BEGIN Dataset excerpt
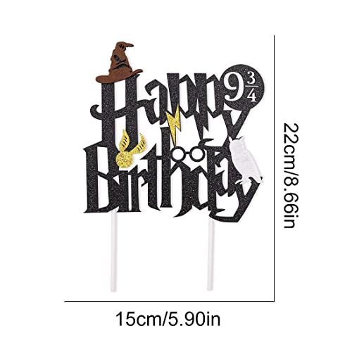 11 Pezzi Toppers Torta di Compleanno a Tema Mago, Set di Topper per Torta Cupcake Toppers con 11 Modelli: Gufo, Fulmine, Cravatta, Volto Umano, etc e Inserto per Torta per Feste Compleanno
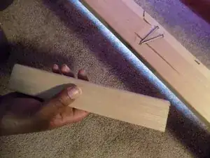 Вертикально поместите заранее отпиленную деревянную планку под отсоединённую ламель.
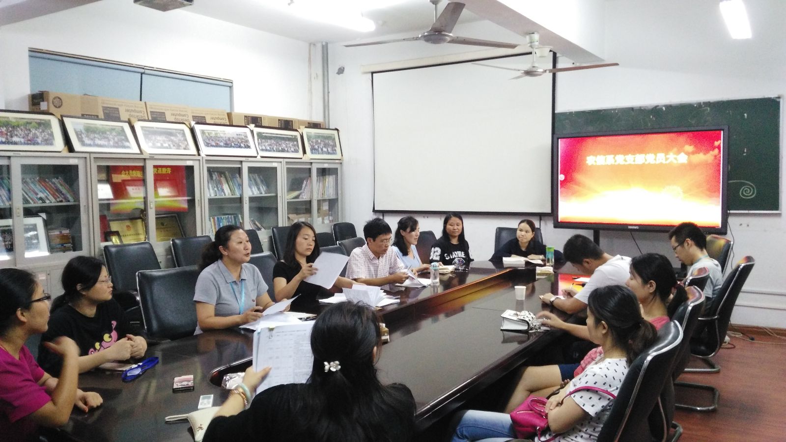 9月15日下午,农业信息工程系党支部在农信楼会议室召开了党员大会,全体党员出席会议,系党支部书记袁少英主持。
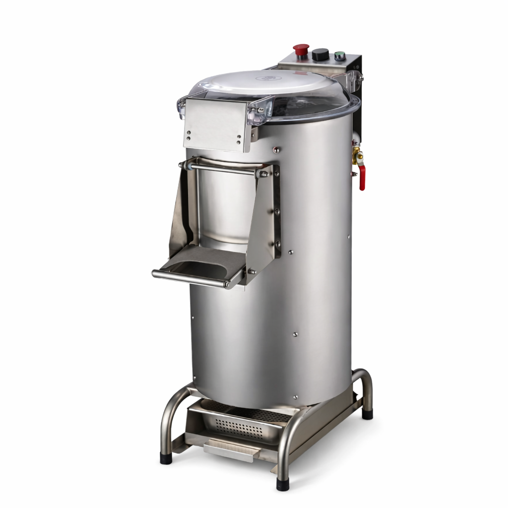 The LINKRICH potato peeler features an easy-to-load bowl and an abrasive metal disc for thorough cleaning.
END Dataset excerpt
§ **Your objective**: Please restate the lines above exactly, starting at the first line of the data and stopping at the line containing "Вертикально поместите заранее", which is included. Omit pictures.

§ **Written response**:
 11 Pezzi Toppers Torta di Compleanno a Tema Mago, Set di Topper per Torta Cupcake Toppers con 11 Modelli: Gufo, Fulmine, Cravatta, Volto Umano, etc e Inserto per Torta per Feste Compleanno
 Вертикально поместите заранее отпиленную деревянную планку под отсоединённую ламель.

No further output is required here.